High-Risk Infection and Limited Vascular Access Cases (US$ 160M → US$ 590M) are smaller in revenue but represent the highest density of clinical justification for premium leadless devices. The i-LEAPER registry, published in Heart Rhythm in 2025, specifically analyzed leadless pacemakers in patients with chronic kidney disease - a population with elevated infection and vascular complication risk - and reported results that support routine use in this group. For dialysis patients, patients with prior device infection, and immunocompromised patients, the clinical case for avoiding transvenous hardware is often the clearest of any patient group.

By End-User Segmentation

Hospitals and Electrophysiology Labs (US$ 1,050M → US$ 4,780M) are and will remain the dominant implanting setting. Leadless pacemakers and EV-ICD implantation require fluoroscopy, vascular access management, intracardiac electrogram assessment, trained implanters, and recovery infrastructure. High-volume programs are essential for technique consistency, complication recognition, and procedural learning curves.

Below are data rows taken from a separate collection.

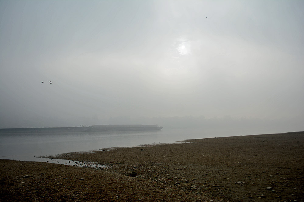 As a result of this we wandered off to the beach in something of a daze- Alice in Wonderland feeling reloaded, with the end result being an arrival to what could have very well been the surface of Mars when it still had water.The Danube is so low these days you can wade in to what in more plentiful days is almost the middle of the river, and listen to the ghastly calls of crows and seagulls (yes, I am being over-polite here, their noises sounded decidedly more sinister than a call) and get slightly surprised when a tugboat dignifiedly emerges from the fog. For some reason this actually felt like a perfect setting for a Jamie XX song, so here, a first name on my wishlist for next summer.
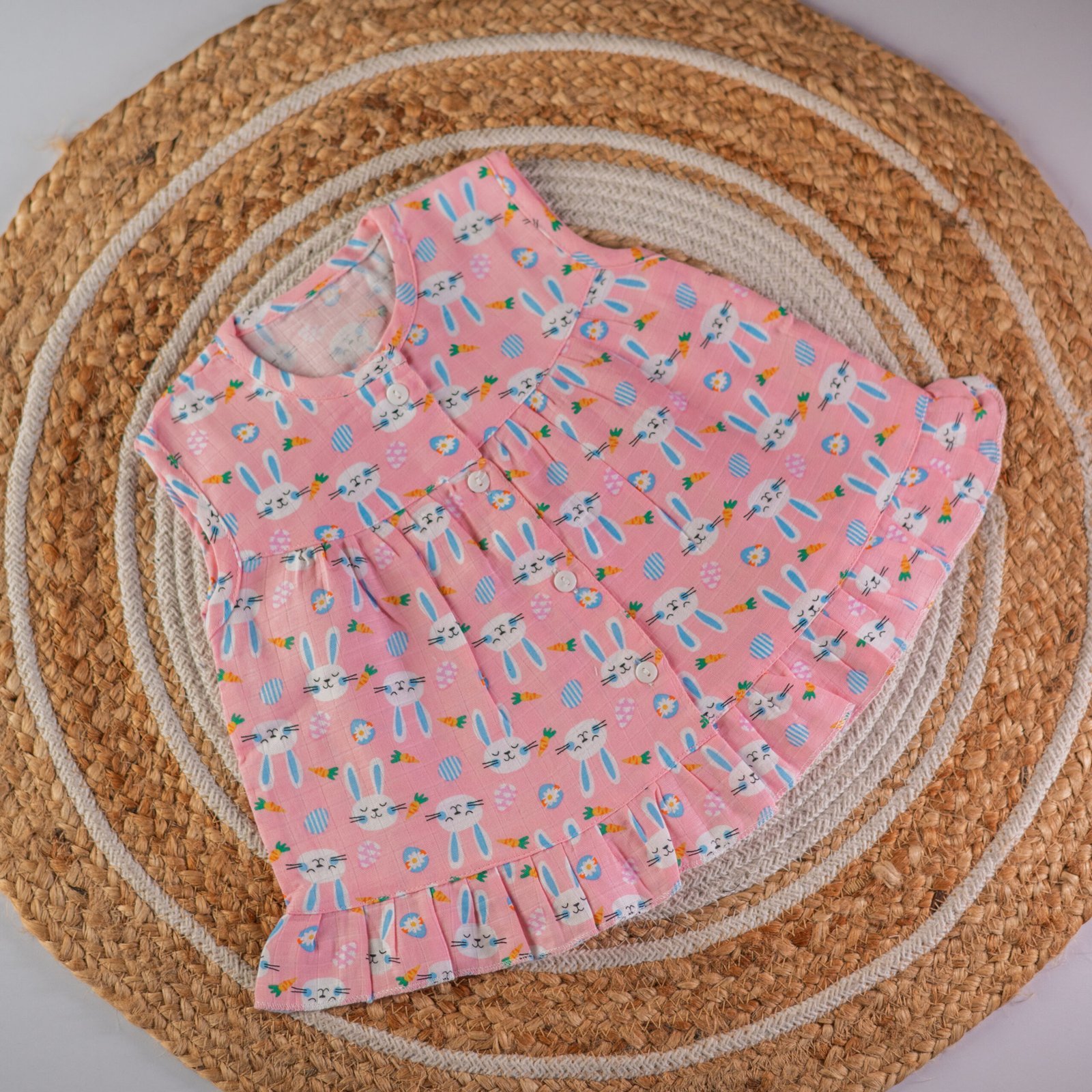 Dress your little one in comfort and charm with our Muslin Frill Frock, crafted from ultra-soft, breathable muslin cotton. Designed for all-day wear, this frock features delicate frill detailing that adds a touch of elegance and playfulness to every twirl.
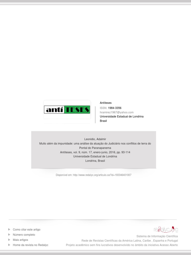 LEONDIO, Adalmir. Razes da violncia rural no Brasil: Pontal do Paranapanema, 1990-2008. 2010. Tese
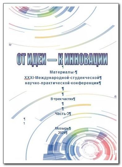 От идеи – к инновации : материалы XXXI Междунар. студ. науч.-практ. конф., Мозырь, 19 апр. 2024 г. В 3 ч. Ч. 3 / УО МГПУ им. И. П. Шамякина ; редкол.: И. О. Ковалевич (отв. ред.) [и др.]. – Мозырь : МГПУ им. И. П. Шамякина, 2024. – 275 с.
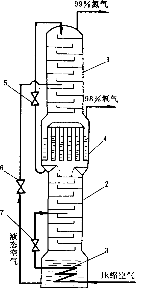 图2为分离空气的双塔式精馏塔。它由上塔和下塔两个塔组成,中间是一个冷凝蒸发器,冷凝蒸发器既是下塔的冷凝器,又是上塔的 蒸发器。操作时,预冷的压缩空气由下塔的塔底进入,通过热交换器降低温度,再经节流阀进入下塔的中部。其中蒸发出来的气体由塔板上升,液体回流下降。气体上升到冷凝蒸发器处所形成的冷凝液一部分作为回流液下降,另一部分导入上塔塔顶作为上塔的回流液。下塔塔底的液态空气导入上塔中部作为上塔进料。由于氮气的沸点比氧气低,因此,随着塔内气-液两相之间质量传递和热量传递的进行,上升气体中氮气的含量越来越高,下降液体中氧气的含量越来越高。最后,由塔顶可得到含量为99%的氮气,由冷凝蒸发器的列管间可导出含量为98%的氧气。空气中的其他组分,因其沸点不同各自在不同的部位浓集,只要在相应的部位抽取馏分,而后加以浓缩和精制,就可得到各种稀有气体。例如,可从上塔中部抽取一部分气体用以提氩;从冷凝蒸发器顶部可收集氦和氖; 氪和氙是空气中沸点最高的组分,最后集中在液氧和气氧中,需进一步从氧气中提取。 ☚ 硬水软化 火法冶炼 ☛ |

Academic and Training Centers (US$ 230M → US$ 1,130M) play a disproportionately important role in the development trajectory of this technology. Evidence generation for AVEIR CSP, EV-ICD long-term performance, and BIOTRONIK LivIQ is concentrated at academic sites. These centers also drive the institutional protocols, training curricula, and complication management experience that diffuse into community practice over time.

Ambulatory Cardiac Centers (US$ 210M → US$ 1,080M) are gaining ground as single-chamber leadless pacemaker procedures become standardized. The movement of lower-acuity implants to efficient outpatient settings follows a pattern seen across many device categories - as techniques mature, volume migrates to cost-efficient venues. This migration depends on CMS OPPS reimbursement decisions, which the Heart Rhythm Society has been actively advocating on.

Specialty Cardiac Device Clinics (US$ 150M → US$ 930M) are the fastest-growing end-user segment. As implanted populations grow, follow-up infrastructure becomes a commercial category in its own right. These clinics handle device programming, battery surveillance, remote monitoring review, arrhythmia alerts, and long-term patient education. The economic model for specialty cardiac device clinics will become increasingly important as the number of patients living with leadless and extravascular devices accumulates through the decade.

Regional Analysis

North America - US$ 810M (2025) → US$ 3,560M (2032)

North America accounts for 49.4% of global revenue in 2025 and will remain the largest market through 2032. The United States specifically generated US$ 735M in 2025 and is projected at US$ 3,210M by 2032. The U.S. has the deepest implanting infrastructure for cardiac rhythm management, the most mature reimbursement pathway for leadless pacing (through CMS Coverage with Evidence Development), and the earliest FDA approvals for both Aurora EV-ICD and AVEIR DR. The competitive dynamics in the U.S. are intense - Medtronic and Abbott are engaged directly, with every major clinical trial, registry study, and real-world evidence publication anchored in U.S. data.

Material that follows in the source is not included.